Nína Dögg Filippusdóttir (born 25 February 1974) is an Icelandic actress and producer. She is known for Children (2006), Trapped (2015), Undercurrent (2010), The Valhalla Murders (2020) and Blackport (2021).

== Early life ==
Nína was born in Reykjavík. Her parents, Bylgja Scheving and Filippus Gunnar Árnason, were very young and split up when she was two years old. She grew up in the Breiðholt district of Reykjavík.

When she was 19 years old, she worked as an au pair for one year in Denmark. She had plans to go to acting school there when she was not working, but found she was too busy. "I became the mom of the household. It was a 5 person family. In the mornings I made breakfast for everybody and then cooked, did the laundry, cleaned, did the grocery shopping, and dropped the kids off, and picked them up later. If I spent more time with the kids than on the chores the lady of the house got upset. After six months I asked myself what I was still doing there and quit. I hurried home and to college".

== Career ==
Nína graduated from the acting department of the Iceland Academy of the Arts in 2001. In her class were fellow actors Björn Hlynur Haraldsson and Víkingur Kristjánsson, who she had met in the Vesturport theatre group.

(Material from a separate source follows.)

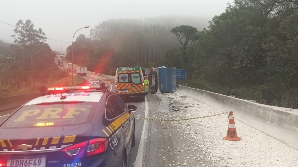 Segundo a Polícia Rodoviária Federal (PRF), o caminhão tombou, o motorista foi ejetado do veículo e ficou preso embaixo da carroceria.

She starred in many plays before taking to films, including Faust (Vesturport, Reykjavík City Theatre), Woyzeck (Vesturport, Barbican, Reykjavík City Theatre), Surf and Rambo 7 (The National Theatre of Iceland), Romeo and Juliet (Vesturport, The Young Vic, Playhouse, Reykjavík City Theatre), and Like Water for Chocolate (Reykjavík City Theatre).

She was chosen as one of the "Shooting Stars" at the Berlin International Film Festival in 2003.

In 2021, she appeared as Harpa in the Icelandic hit drama mini-series Blackport.

In 2023, she was awarded the Order of the Falcon for her contributions to drama and television.

== Filmography ==

| Year | Title | Role | Notes |
| 2001 | Dramarama | Auður |  |
| 2002 | The Sea | María |  |
| Stella í Framboði | Hrafnhildur |  |
| 2005 | The Girl in the Café | Assistant Receptionist |  |
| 2006 | Children | Karítas |  |
| 2007 | Parents | Nurse |  |
| Astrópía | Voice | Cowboy Scene |
| Áramótaskaup 2007 | various roles |  |
| 2008 | Country Wedding | Lára |  |
| 2010 | Kóngavegur | Rósa |  |
| Undercurrent | Drífa |  |
| 2011 | Heimsendir | Sólveig | TV-series |
| 2015 | Réttur | Soffía | TV-series |
| Grafir & Bein | Sonja |  |
| 2015–2016 | Trapped | Agnes | TV-series |
| 2016 | Heartstone | Hulda |  |
| 2020 | The Valhalla Murders | Kata | TV-series |
| 2021–2022 | Blackport | Harpa | TV-series |
| 2023 | Wild Game |  |  |

== Personal life ==
Nína was a stepsister to musician Sigurjón Brink. They were very close and she saw him as her real brother. She is also godmother to his daughter Kristín María Brink.

She has a daughter (born 2006) and a son (born 2011) with her partner, actor and producer Gísli Örn Garðarsson.

In a 2010 interview, she stated that her favourite city was London and her favourite mobile app was yr.no.